Lithuania's Ministry of National Defence announced Tuesday that it is leading the E.U.-affiliated Cyber Rapid Response Team in its first deployment. The Netherlands, Poland, Estonia, Romania, and Croatia will all send defensive cybersecurity experts. The move comes in response to a request for aid from Ukraine.
Ukraine has long been a target for Russia's government-affiliated hackers. It has already faced several cyberattacks during Russia's current troop buildup, including destructive software implanted on government computers in January and an attack that briefly knocked its banks offline last week.
Oil prices surge as stock markets shaken amid Ukraine crisis
Oil prices surged to close to $100, the highest in more than seven years, as global stock markets fell in early trading Tuesday amid growing fears over the Ukraine crisis.
Brent crude oil was up nearly 4 percent Tuesday morning, rising to just over $99 a barrel.

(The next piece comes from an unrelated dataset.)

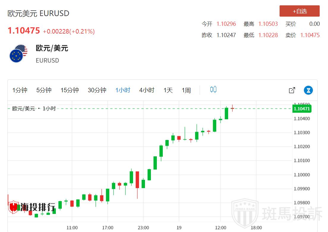 周一欧市早盘,欧元/美元震荡走高,接近年内最高水平1.1040附近。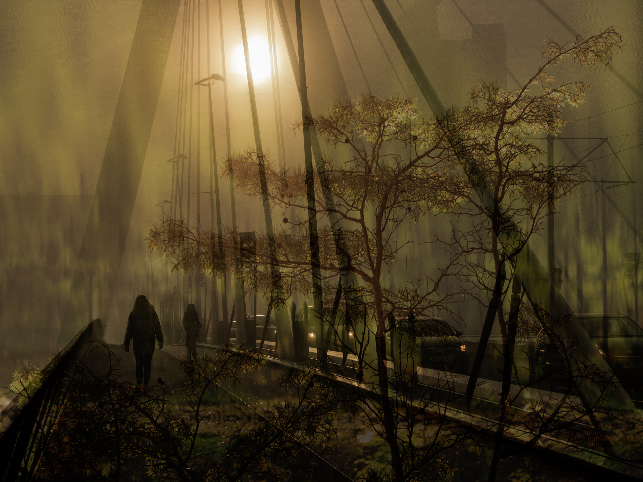 Een mistige Erasmusbrug gecombineerd met een natuurfoto geeft een mystiek en onaards beeld.

Meanwhile, Europe's STOXX 600 index fell nearly 2 percent in a seven-month low in early trade, before rising back up to Monday's closing level.
The ruble rose in FX markets, while German equities erased losses of more than 2 percent to trade flat.
Wall Street also erased losses, with futures measures for the S&P 500 turning positive as Nasdaq recovered from losses of about 2 percent to trade down 0.4 percent.
The developments came as the U.S. and its allies vowed to impose harsh sanctions in response to Russian President Vladimir Putin's decision Monday to formally recognize the independence of two breakaway regions in eastern Ukraine, as he sent troops to the area.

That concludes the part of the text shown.